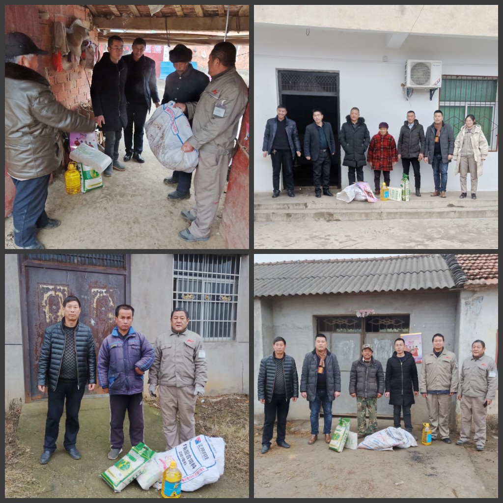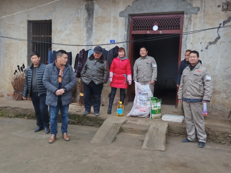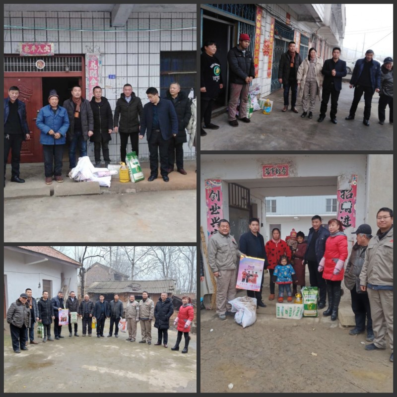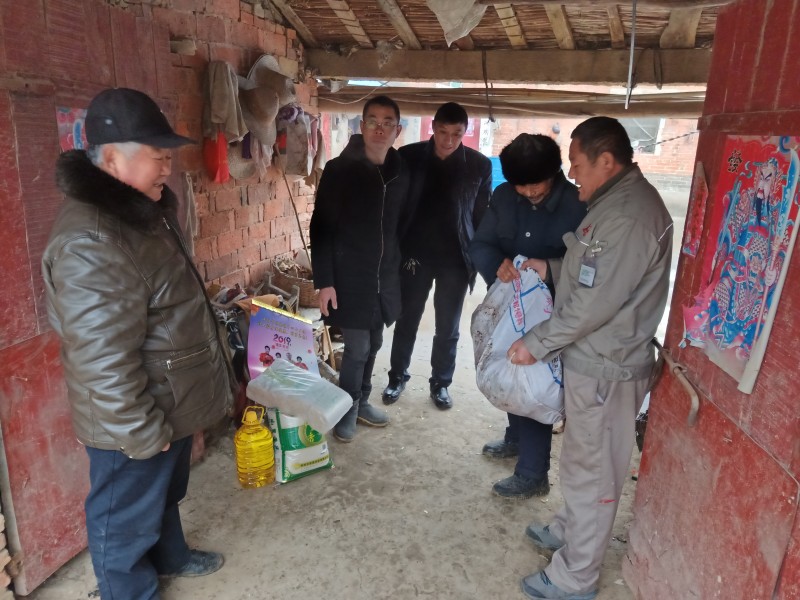 2019年1月14日歐陽華俊售后部部長及辦公室主任秦鄂東與棗陽市興隆鎮(zhèn)優(yōu)良社區(qū)村委干部等人在優(yōu)良河村莊走訪慰問困難群眾。
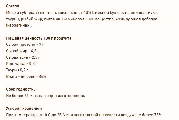 Мясо и субпродукты (в т. ч. мясо цыплят 10%), мясной бульон, пшеничная мука, таурин, рыбий жир, витамины и минеральные вещества, желирующая добавка (каррагинан).
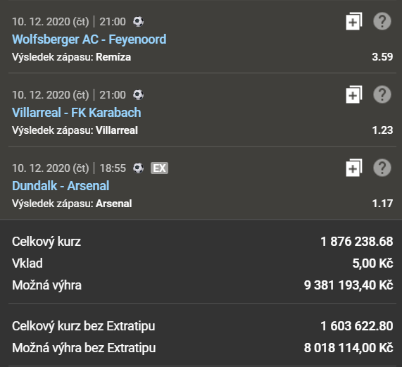 Následující tiket sestavil tipař s nickem “Biga468”. Všechny tipy se týkají sázky na fotbalové zápasy z TOP evropských lig. Celkový kurz činí 1 876238.68. To znamená, že za 5 vsazených korun můžete vyhrát přes 9 milionů korun.
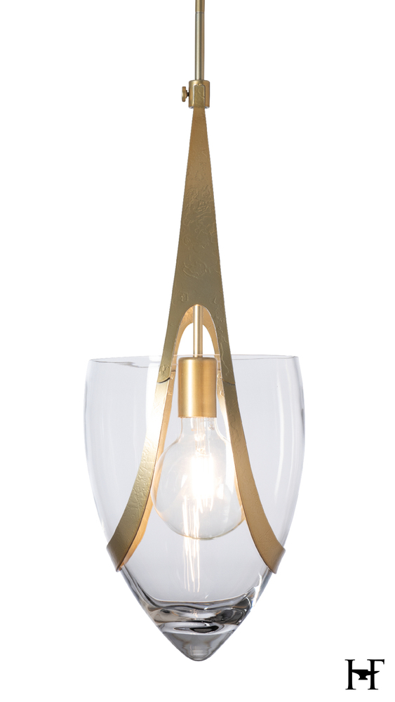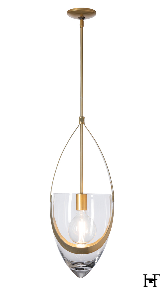 Designed by Jason Hancock, the Vaso's conically-shaped glass has a very substantial and shaped base that is nestled within a beautiful handcrafted, forged steel "strap". May be hung singly or in multiples.

What the exercise asks => All lines from the first in the listing above to the line containing "Мясо и субпродукты", inclusive, go in the output exactly as they are; no pictures go in.

Result of this exercise =>
 2019年1月14日歐陽華俊售后部部長及辦公室主任秦鄂東與棗陽市興隆鎮(zhèn)優(yōu)良社區(qū)村委干部等人在優(yōu)良河村莊走訪慰問困難群眾。
 Мясо и субпродукты (в т. ч. мясо цыплят 10%), мясной бульон, пшеничная мука, таурин, рыбий жир, витамины и минеральные вещества, желирующая добавка (каррагинан).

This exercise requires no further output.